Sunday, March 7, 2010

it's only temporary

Knowing that, in seven months time, everything familiar will disappear from an airplane window has given me a unique and wonderful perspective on what is important. What little I can take with me becomes infinitely more valuable than everything that I must leave behind. Not that I am living in an bare apartment with milk crates for furniture, but my furnishings do reflect the temporary nature of my living situation. I have not decorated in the same way as I would if I were planning to grow roots.

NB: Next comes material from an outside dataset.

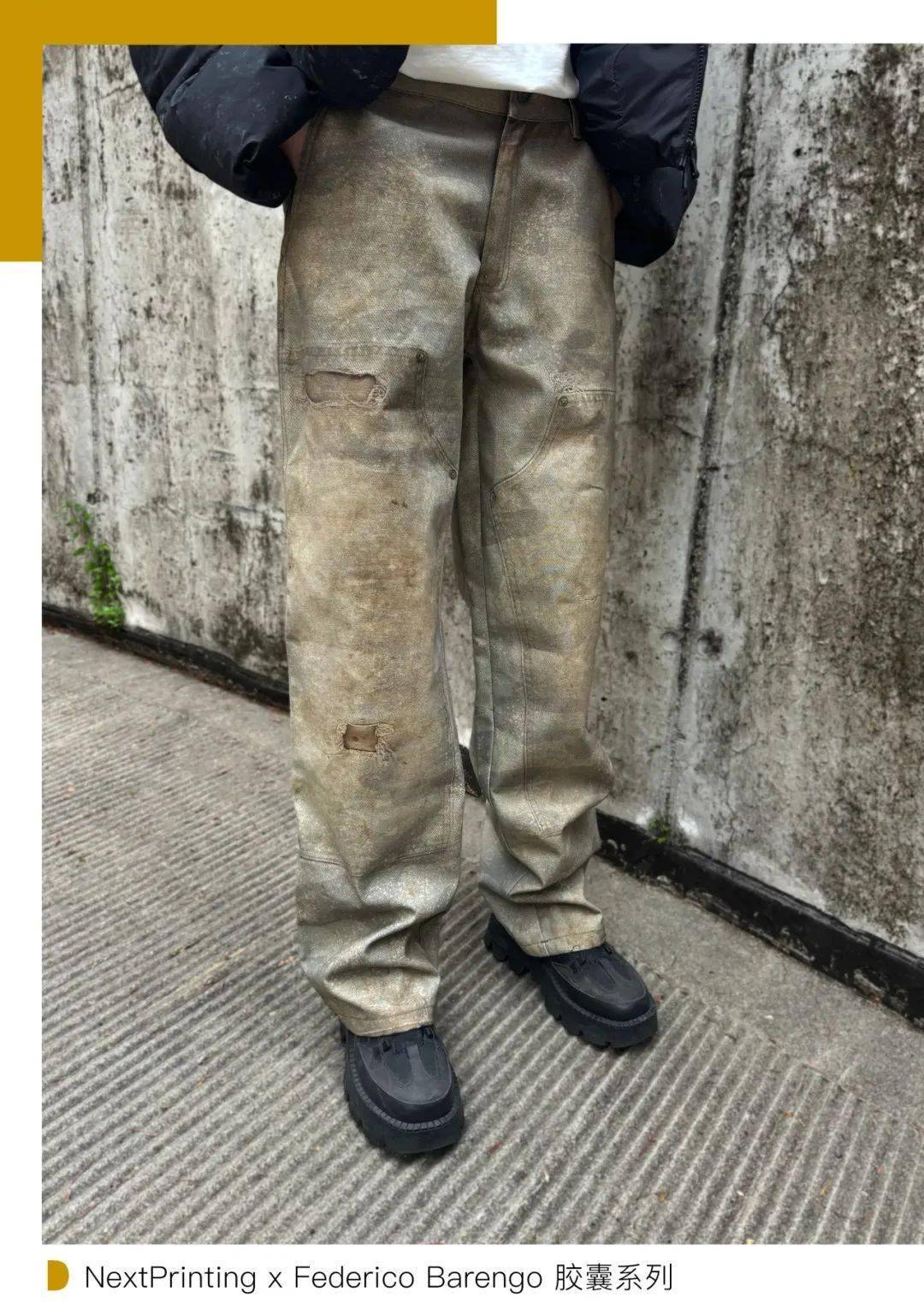 意大利专业配件制造商 ACM 旗下的数码印刷部门 Next Printing 与意大利设计师兼品牌 Garment Workshop 的联合创始人 Federico Barengo 合作推出了一款胶囊系列。该系列包含100%纯棉材质的长裤与夹克,采用错视画法印花技术,重现复古牛仔风格、仿皮革效果以及传统工艺的独特质感。系列产品运用双面印花及印后处理工艺,其中包括独特的上蜡效果。 每件服装均按照高级定制的标准进行生产。此外,通过数码印花工艺,每件服装在制衣后的用水量仅为3升,而传统的后整理工艺则需要消耗 40 至 60 升水,显著降低了资源消耗。

This anomaly has made my decisions clearer and simpler. There is no opportunity for situations to needlessly drag on, no chance for anxiousness to turn into sin. It is startlingly easy to compromise convictions when one is comfortable where he is. We are often obsessed with maintaining the status quo and avoiding change. But because I have big changes quickly approaching, the status quo does not concern me. I can discern right from wrong and act accordingly, because I don't have the luxury of time to cloud my judgement. I can make the decisions of a better man. Pain is not dampened, but the temptation to defer it for as long as possible is.

My future is invested elsewhere. The more I think about this situation, the more I believe this is how we should see life in general. Life here is impermanent. The more we are invested in heaven, the less concerned we will be about what doesn't really matter. Our roots should be just deep enough that we don't fall over under our own weight, lest when it comes time to be transplanted, we are unable to budge. Look around at how you have chosen to furnish your life.
But store up for yourselves treasures in heaven, where moth and rust do not destroy, and where theives do not break in and steal. For where your treasure is, there your heart will be also.